28 de março de 2024 atualizado por: University of Florida

O uso do tabaco é a principal causa de muitas doenças evitáveis, particularmente o câncer de pulmão. Com base nos dados nacionais de câncer em 2020, a Flórida tem a maior incidência de câncer de pulmão (18.150 casos) com o maior número de mortes (10.580 mortes) entre todos os estados dos Estados Unidos. Infelizmente, cerca de 16% dos adultos na Flórida continuam a fumar cigarros devido à sua natureza viciante e ao sucesso limitado das atuais estratégias de cessação. Portanto, há uma necessidade não atendida e urgente de novas intervenções para melhorar o sucesso da cessação do tabagismo. Se tal intervenção puder reduzir a carcinogênese pulmonar associada ao tabaco, isso será mais desejável. O objetivo final deste estudo é desenvolver uma intervenção baseada em kava segura e eficaz para permitir a cessação do tabagismo e reduzir o risco de câncer de pulmão, o que melhorará a saúde dos moradores da Flórida.
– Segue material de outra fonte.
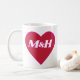 Un regalo audaz para el El día de San Valentín. Corazones rojos y rosados y negritas iniciales de texto de monomgrama declaran tu amor! Esta taza de café es un excelente regalo el día de San Valentín para el marido, el novio, la esposa o la novia. Fácilmente personalizable con dos iniciales. Si necesita ayuda para personalizar este producto, utilice el botón de mensaje que aparece a continuación.
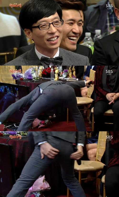 유재석은 30일 서울 상암동 SBS 프리즘타워에서 열린 2013 SBS 연예대상에서 재킷을 올려 탄탄한 엉덩이 라인을 공개해 눈길을 끌었다.
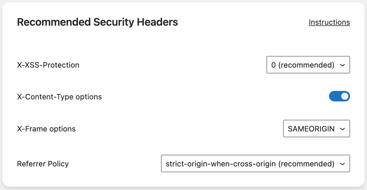 configuring recommended security headers simple security

Este estudo avaliará a adesão a um regime diário de kava entre fumantes ativos que não têm intenção de parar de fumar. Este estudo também investigará se o uso de kava pode reduzir o uso e a dependência do tabaco, bem como a carcinogênese pulmonar associada ao tabaco.

Visão geral do estudo

Status

Recrutamento

Condições

Intervenção / Tratamento

Tipo de estudo

Intervencional

Inscrição (Estimado)

80

Estágio

  • Fase 2

Contactos e Locais

Esta seção fornece os detalhes de contato para aqueles que conduzem o estudo e informações sobre onde este estudo está sendo realizado.

Contato de estudo

Estude backup de contato

Locais de estudo

  • Estados Unidos
    • Florida
      • Gainesville, Florida, Estados Unidos, 32608
        • Recrutamento
        • University of Florida
        • Investigador principal:
          • Ramzi Salloum, PhD
        • Contato:
        • Contato:

Critérios de participação

Os pesquisadores procuram pessoas que se encaixem em uma determinada descrição, chamada de critérios de elegibilidade. Alguns exemplos desses critérios são a condição geral de saúde de uma pessoa ou tratamentos anteriores.

Critérios de elegibilidade

Idades elegíveis para estudo

21 anos a 99 anos (Adulto, Adulto mais velho)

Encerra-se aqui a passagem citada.